Implica dejar que la imaginación del niño vuele un poco más, que el espacio empiece a abrirse para que ellos puedan interpretarlo como quieran.

¿Cuál es la altura ideal, por ejemplo?

Cuando aprendemos necesitamos espacios en los cuales podamos trabajar en grupo, también de forma individual, entonces se pueden tener espacios con alturas variadas. Si un niño quiere estar aislado o focalizado en una tarea, puede optar por estar en un lugar un poco más cerrado o contenido, y para eso se pueden incorporar elementos de transición como por ejemplo una ventana retranqueada, que genere nichos y huecos donde se pueda trabajar de a dos o tres niños con o sin maestro. Si se busca que todos los alumnos participen, se puede apelar a una altura mayor.

¿Todos estos elementos que mencionás son los que hacen al diseño ideal a implementar en Uruguay?

No hay una única respuesta. El contexto y la cultura son aspectos super importantes; no podemos hacer la misma escuela en todos los barrios o zonas del país. Para diseñar estos edificios hay que ser mucho más meticuloso, hay que escuchar a los niños y a los maestros, que son los que van a estar usando el espacio.

Nosotros como arquitectos podemos llegar hasta cierto punto, podemos pensar en las variedades que permite el diseño, pero si estas no responden a lo que los niños y los maestros necesitan, no tiene sentido y no hay una conexión. Por eso la idea es trabajar juntos y tratar de encontrar un lenguaje en común. Ese diálogo es vital.

Por ejemplo, en la línea de investigación que desarrollo se plantea hacer un estudio post ocupacional de las escuelas. Es decir, si se hizo una escuela nueva es bueno ver después de un año cómo es que se está utilizando, cómo lidian los maestros y los alumnos con los distintos elementos.

Un arquitecto puede decir que un salón está bien ventilado, porque puso ventanas en un punto y otro, pero si nadie abre esas ventanas, está mal ventilado igual. ¿Alguien le dijo al maestro que tiene que abrir las ventanas? El tema del uso del espacio necesita educación de parte de los que lo diseñan.

El año pasado publicaste, junto a dos colegas, un estudio sobre la evolución del diseño escolar en Uruguay y Costa Rica. Allí mencionan que la arquitectura del salón de clases se fue transformando para que hubiese mejoras a nivel de la educación. Sin embargo, es común escuchar que la calidad de la educación en el país no es lo que era antes. ¿Por qué creés que pasa eso? ¿Los cambios que se hicieron a nivel de arquitectura no han ido de la mano con lo que necesitaba Uruguay?

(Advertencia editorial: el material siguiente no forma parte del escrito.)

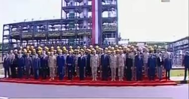 التقط الرئيس عبد الفتاح السيسى، صورة تذكارية مع عمال شركة النصر للكيماويات الوسيطة، بمنطقة أبو رواش، بمحافظة الجيزة، وذلك خلال مشاركته افتتاح مصنع الغازات الطبية والصناعية رقم ٣، ومصنع إنتاج غاز فوق أكسيد الهيدروجين.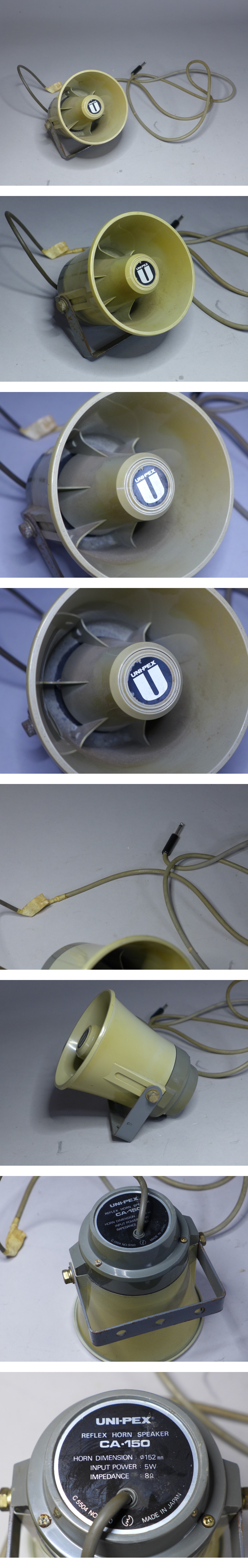 UNI-PEX スピーカー CA-150 現状品です。当方このような物に詳しくない為に詳細などは分かりかねます。状態は画像参照でお願いします。作動確認は出来ていません。その他不明の為ジャンク品となります。◇古い電気製品の為、必ず整備の上安全を確認してからご使用下さい。簡単に掃除はしておりますが古い物の為、埃汚れなあります。現状品になりますので写真をご確認の上御入札お待ちしています。※他にも古い無線機関係を多数出品しております。是非ご覧ください。★★★★★★★★★★★★★★★★★★★★★★★★★最近、悪質な入札者が多く非常に迷惑をしております。新規IDや「非常に悪い・悪い」の評価の多い方の入札はお断りさせて頂きます。 仮に入札があった場合でも、発見次第入札を削除させて頂く場合がございます。

En ese estudio, el argumento central es que en Uruguay —así como en varios países de Latinoamérica—, a mediados del siglo XX, se generó un gran interés por cambiar la forma en la que se concebía la educación y por eso es que empezaron a surgir las llamadas escuelas experimentales, para de cierta manera testear qué más podía dar la arquitectura.

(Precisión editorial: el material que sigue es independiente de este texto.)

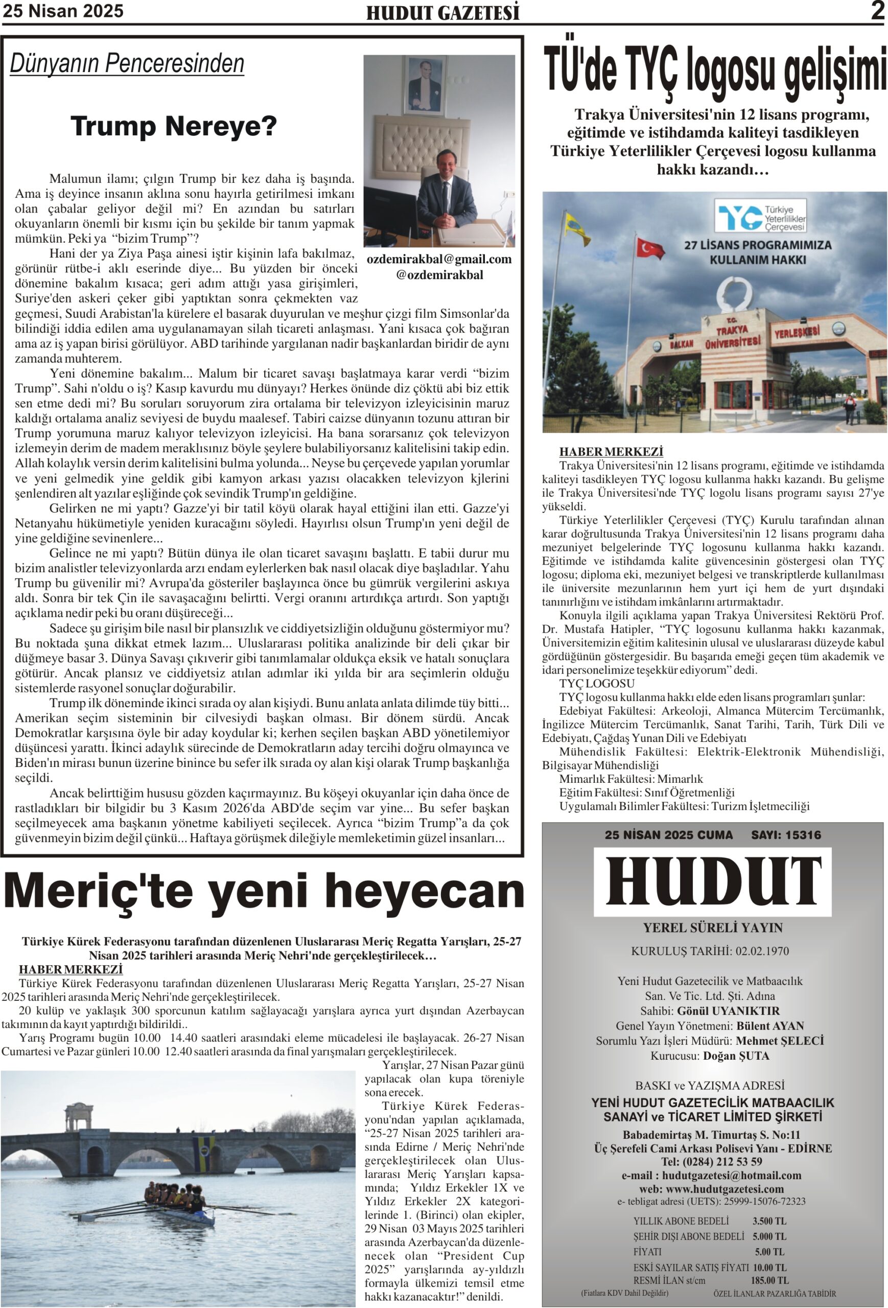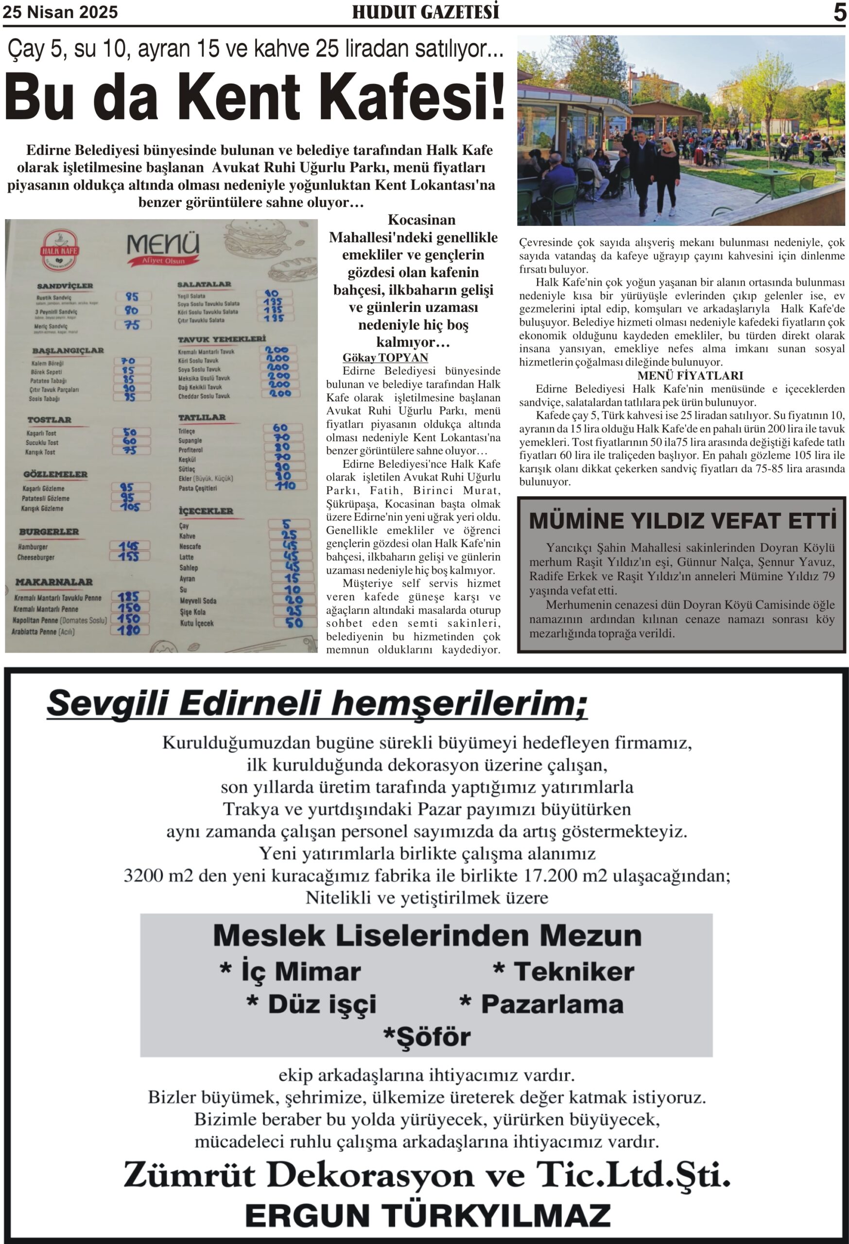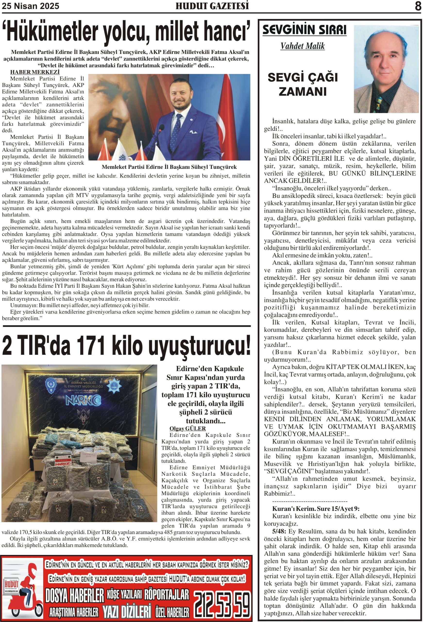 25 Nisan 2025 Cuma Hudut Gazetesi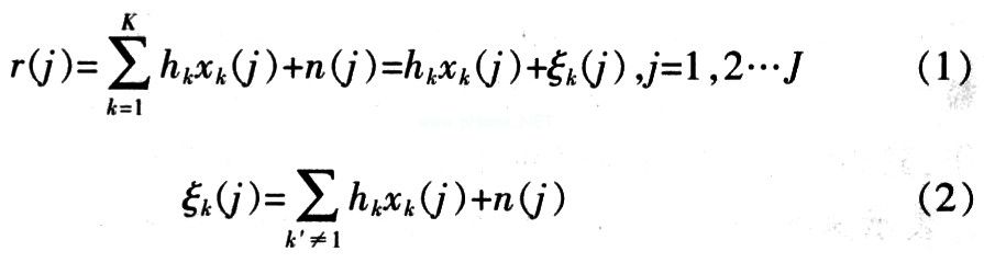 式中,n(j)为高斯白噪声采样,hk为第k个用户的信道衰落系数,ζk(k)为第后个用户第j个码片的失真,根据中心极限定理,ζk(j)满足近似高斯分布,可用均值和方差函数表示。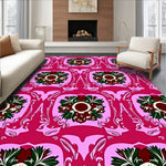 Flatwoven High Traffic Area Rug, Heritage Wreath Medallions with Baroque Vine Accents, Non Slip, Stain Resistant, Washable Area Rugs for Living Room, Bedroom (Pink) Overview:
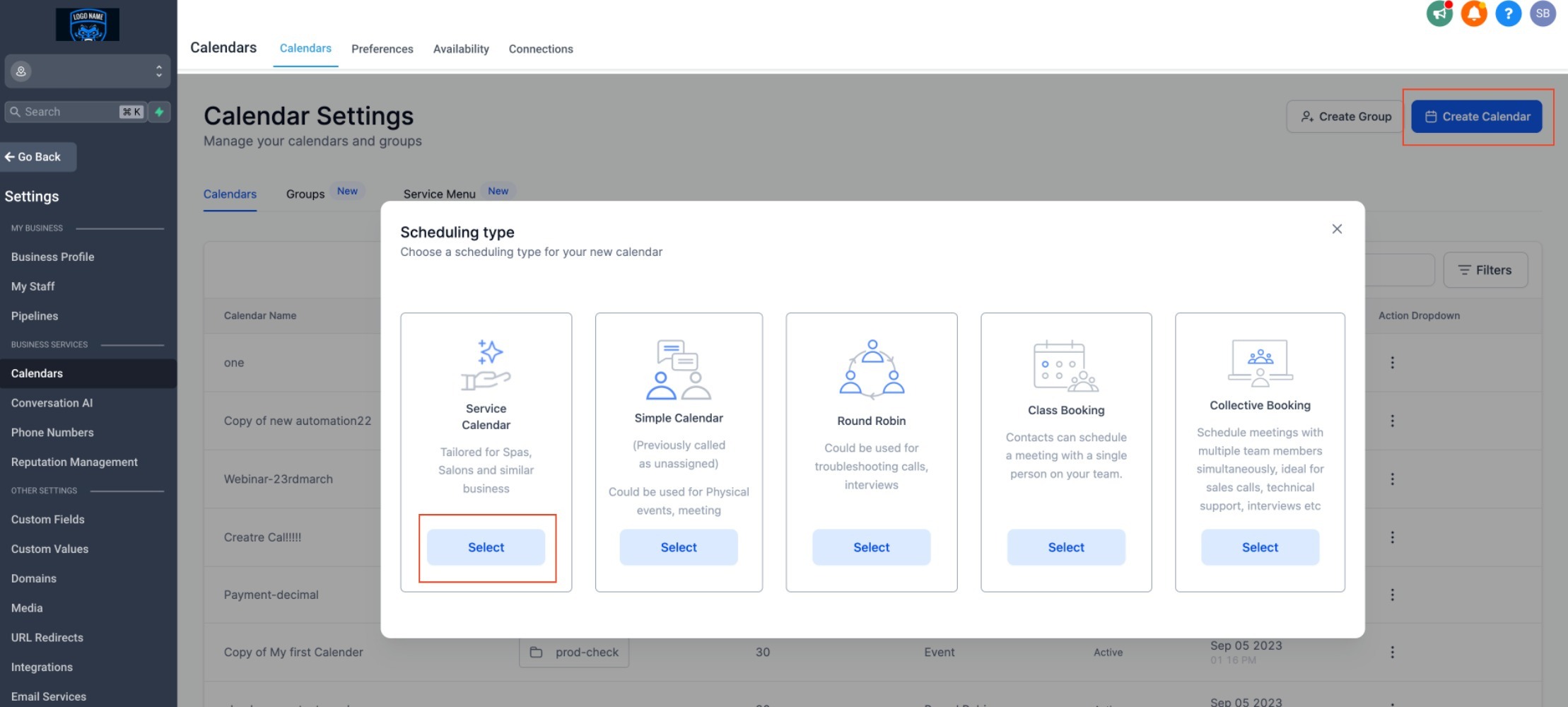 - Within the Calendars Tab, click "Create Calendar," then choose the "Service Calendar" option.

Hoy están las escuelas de tiempo completo, en las que se hace un intento por cambiar la forma de diseño, pero más allá de esto, todos los edificios recientes —y no tanto— tienen un diseño que responde a una forma de educar por caducar.

La conclusión del estudio es que ahora parecemos estar transitando una especie de letargo, en el que no estamos cambiando ni la arquitectura ni la forma de educar. Hace ya más de 20 años que la educación no cambia, porque parece que nada se puede cambiar, ni la arquitectura ni el sistema.

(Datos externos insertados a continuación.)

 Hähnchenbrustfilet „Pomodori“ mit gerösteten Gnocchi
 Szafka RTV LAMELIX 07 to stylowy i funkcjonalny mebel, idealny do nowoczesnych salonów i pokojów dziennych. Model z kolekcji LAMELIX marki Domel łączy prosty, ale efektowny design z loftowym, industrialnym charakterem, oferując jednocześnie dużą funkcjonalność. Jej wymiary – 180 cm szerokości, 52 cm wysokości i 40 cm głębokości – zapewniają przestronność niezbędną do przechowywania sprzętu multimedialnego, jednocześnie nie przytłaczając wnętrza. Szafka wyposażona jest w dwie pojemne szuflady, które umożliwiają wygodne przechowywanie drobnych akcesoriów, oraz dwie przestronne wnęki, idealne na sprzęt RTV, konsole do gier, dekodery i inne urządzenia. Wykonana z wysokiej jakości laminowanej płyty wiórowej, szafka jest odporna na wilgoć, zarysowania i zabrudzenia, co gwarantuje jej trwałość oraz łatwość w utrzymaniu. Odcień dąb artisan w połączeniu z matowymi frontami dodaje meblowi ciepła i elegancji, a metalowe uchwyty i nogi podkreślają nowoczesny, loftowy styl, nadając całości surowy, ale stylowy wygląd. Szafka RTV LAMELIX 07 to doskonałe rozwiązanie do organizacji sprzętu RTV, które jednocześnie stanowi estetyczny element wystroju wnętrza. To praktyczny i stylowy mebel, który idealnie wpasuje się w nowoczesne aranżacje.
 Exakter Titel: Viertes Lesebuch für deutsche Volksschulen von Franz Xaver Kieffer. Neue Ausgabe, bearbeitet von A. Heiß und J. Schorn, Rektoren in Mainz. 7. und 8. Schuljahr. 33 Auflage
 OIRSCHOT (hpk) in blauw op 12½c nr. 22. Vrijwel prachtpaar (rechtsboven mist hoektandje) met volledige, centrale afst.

El sistema ata a la arquitectura, no le permite volar, porque no se entiende la relación directa que existe con el espacio. Hace unos meses se debatía sobre si empezar a enseñar a partir de proyectos en vez de asignaturas. Se sigue insistiendo con las asignaturas, y sin duda para eso necesitamos las viejas y queridas aulas surgidas hace siglos. Cuando aceptemos que podemos enseñar de forma distinta, recién ahí podremos empezar a cambiar el espacio para la educación.

¿Ves a Uruguay muy lejos de aplicar todas estas ideas?

Creo que aún estamos lejos, pero lo último que se pierde es la esperanza. Lo bueno y alentador es que de a poco empieza a surgir el interés desde distintos sectores.